Harrison, a Republican, is up for re-election against Democrat Gerald Baker. Despite all the powers of the sheriff’s office, this election is largely invisible in English-language media, as local observers and a search of local publications confirmed. As of Tuesday, articles detailing Baker’s views on immigration and 287(g) can be found only in Spanish-language publications like Qué Pasa Noticias and La ConexiónUSA.com, which have interviewed Baker.
Baker says that he would eliminate the county’s 287(g) agreement, a position he highlights on social media and in campaign literature. “I know that we are all humans who deserve wonderful lives and I want to support that,” Baker told ConexiónUSA.com. Harrison may not want this issue at the forefront, said Felicia Arriaga, a professor of sociology at Appalachian State University and a volunteer at El Pueblo, an advocacy group for North Carolina’s Latinx community. Arriaga notes that Harrison hopes to avoid the fate of the sheriffs of Durham and Mecklenburg counties, whose immigration policies contributed to their defeats in May. “This is the most I have heard him not talk about the program,” she said. But she added that county politicians as a whole have been “very quiet” about 287(g) since its implementation in 2008, and county-level law enforcement still demands more attention than it receives.

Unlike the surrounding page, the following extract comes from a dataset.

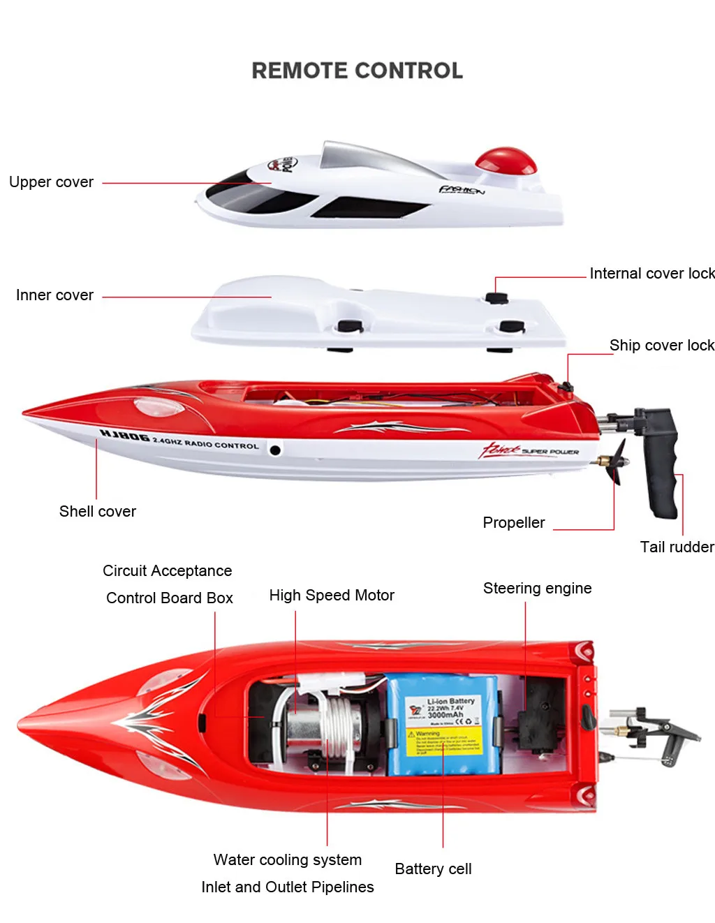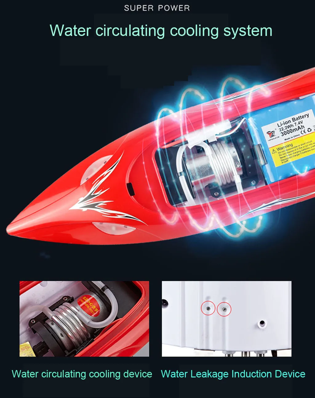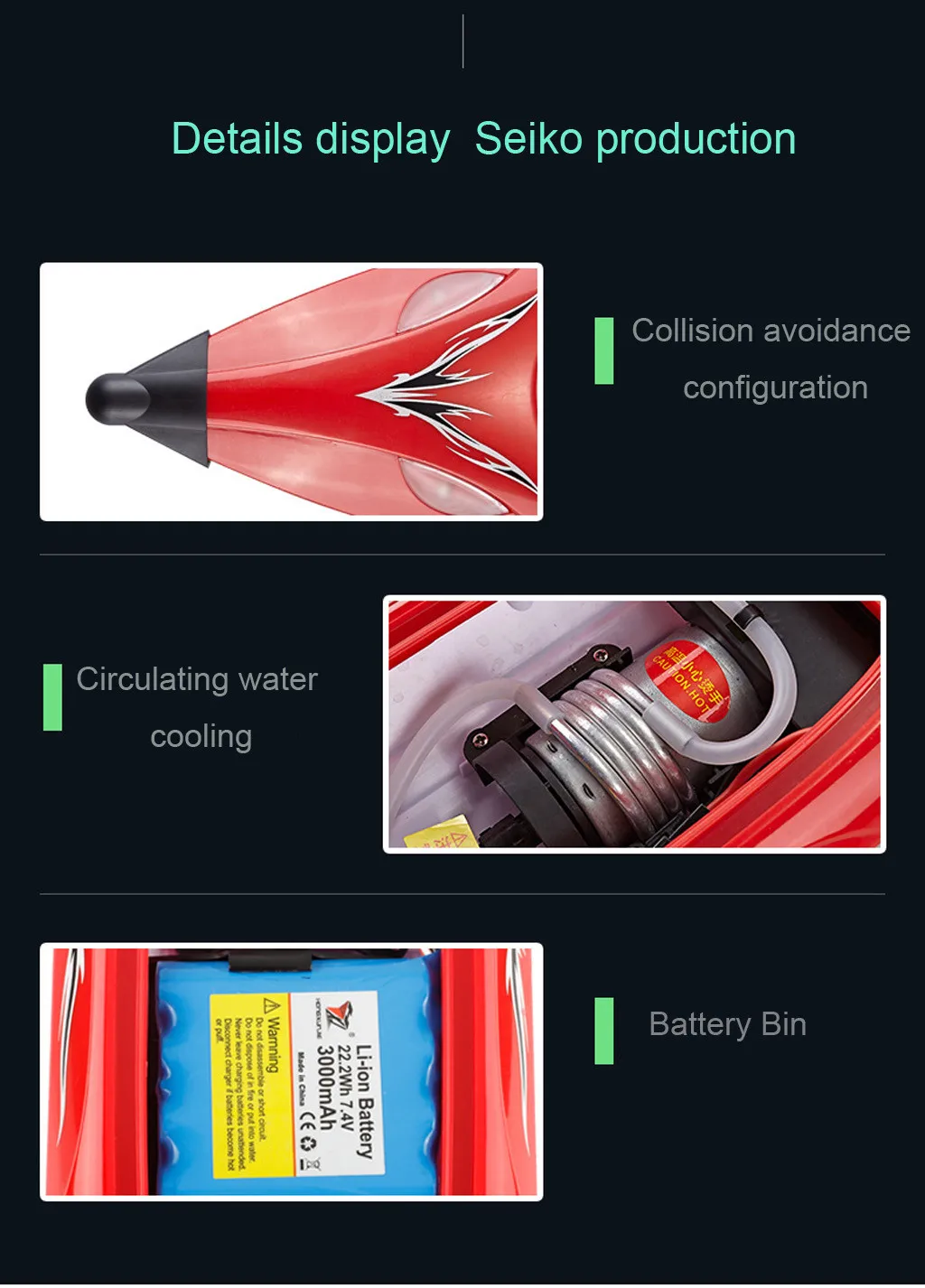 1. Со вспышкой ночной Светильник спереди и сзади. Вы можете включить или выключить его с помощью управления 2. Внутри лодки есть двухсторонний Низкий индикатор. И контроллер с индикатором заряда батареи 3. С ограниченным контролем во время вождения, вы можете настроить самую высокую скорость 4. С 540 двигателем. Сильная мощность. С оборудованием водяного охлаждения во время вождения 5. Есть функция защиты, когда лодки сломаны супер электричеством 6. Индикатор расстояния. Будет теплее, когда лодка будет контролироваться на расстоянии 7. Защитный чехол круглой формы 8. Функция автоматического переворачивания может привести магазины лодок снова, когда он переворачивается. 9. Конструкция лодочного хвоста радиолокационного типа 10. Водонепроницаемый двойной слой. Миниральной воды форма дизайн 11. Внутри лодки есть крышка для покрытия лодки. Выглядит более чистым и аккуратным снаружи 12. В 2,4 г частоты. Можно играть вместе с несколькими лодками

The Wake County jail has been under scrutiny this month since the death of a woman who died by suicide in detention. The News & Observer reports that the state as a whole could “be on pace to easily exceed the highest annual death toll for inmates in county jails.”


Update (Nov. 2, 2018): George Joseph reports in The Appeal on the aggressive policing tactics employed by the Wake County sheriff’s department. “Under Harrison’s leadership, Black residents have consistently born the brunt of aggressive policing,” Joseph writes. “Though Black people are just over a fifth of the population, they account for 55 percent of use of force incidents since 2002.”
In addition, immigration policy has been the topic of advertising and community events in the campaign’s final weeks. The ACLU launched an ad in late October that aims to draw attention to the county’s cooperation with federal immigration authorities. The ad discusses Harrison’s “anti-immigration agenda” and his “special agreement” to “detain immigrants using local resources.” An ACLU official told me that the organization is spending $100,000 on airing the advertisement.


update (Nov. 11): Gerald Baker won the sheriff’s election in Nov. 6, ousting Donnie Harrison.